Overseas commercial arrangements can be expensive, especially in the United States, a first world country. Conditions in many countries are not regulated, lack transparency, are exploitative and do not require standards in record keeping – the release of information (if it exists) is arbitrary. Overseas surrogacy is financially and ethically risky for everybody. But legalising commercial surrogacy in Australia won’t fix this.
Making surrogacy affordable and competitive against cheap Asian options shifts the potential for exploitation to Australian surrogates rather than addressing it. The very low rates of altruistic surrogacy indicate that unless motivated by a deep personal connection between surrogate and commissioning parents, most Australian women consider the risks, inconvenience and potential emotional and health complications of surrogacy to be too much.
Educated, skilled and employed women are unlikely to subject themselves to the demands and risks of pregnancy to fulfil the aspirations of others. This leaves the likely Australian candidates for commercial arrangements as less educated women with fewer skills and employment prospects. While Australia is not a developing country, differences in wealth and power create a dynamic ripe for exploitation.
Properly calculating the real costs for surrogates while ensuring profit for private legal and medical practitioners will not make costs cheaper than Asia or the Americas.

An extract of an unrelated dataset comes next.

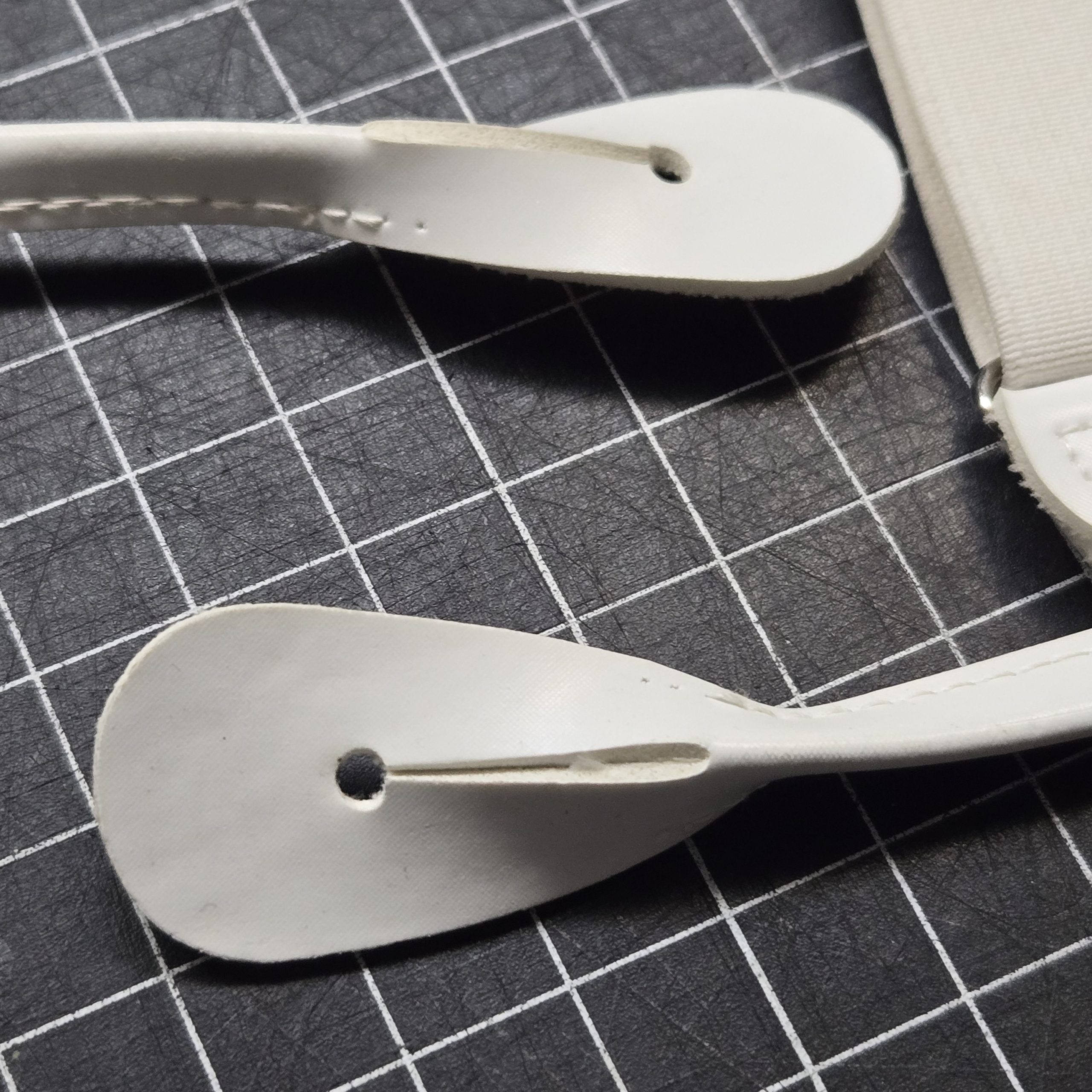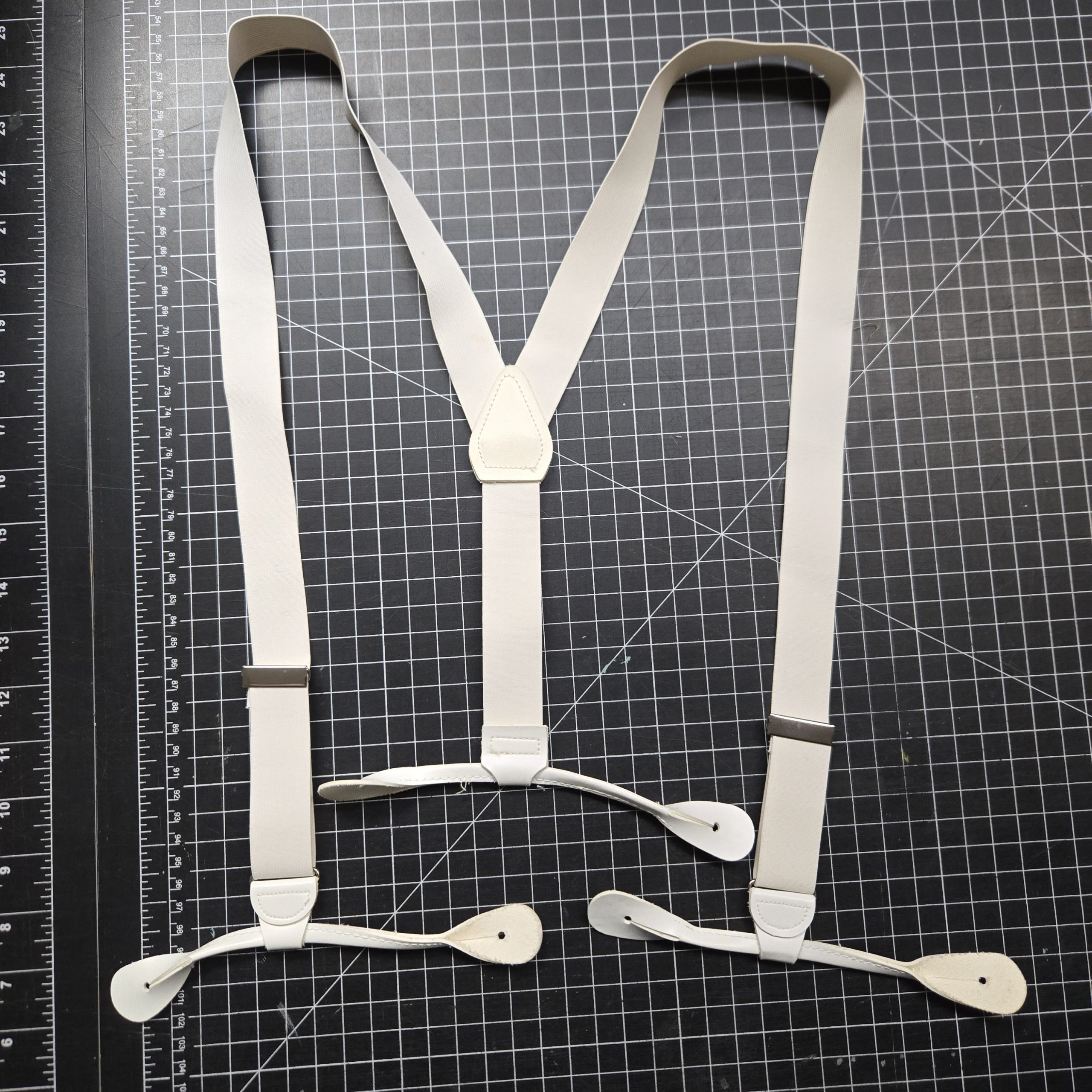 White vinyl military dress suspenders with elastic straps and leatherette ends, typical of formal or ceremonial uniforms from the late Cold War era. Likely 1980s to 1990s issue or commercially supplied for dress uniforms. Clean overall with light handling marks, all hardware intact and functional. Adjustable and ready for use or display with dress blues or similar formal kits.

Carrying a child to term is a nine-month, 24-hour-a-day undertaking. It brings discomfort, inconvenience and health risks, and precludes other activities.
Then, of course, there are costs before pregnancy and after birth. Not covering all costs, or costed at less than appropriate rates, will exploit the most vulnerable and powerless in our society. Clinics might turn to importing poor women from overseas as we see egg donors coming into the country now.
The current legislative prohibitions on commercial surrogacy are not working, but there is no evidence that commercialising surrogacy in Australia will solve overseas exploitation. Many commissioning parents in countries where commercial surrogacy exists still go overseas.
Commercialisation will not prevent inappropriate people from accessing children, as in the Baby Gammy case, because there is little focus on the well-being of the children in any legislation or in national and international discussions. The voices of “consumers” dominate these debates.
Legalising commercial surrogacy in Australia will not necessarily prevent the exploitation of women nor ensure the well-being of children under proposed changes to the laws. It will simply change the site at which the exploitation takes place.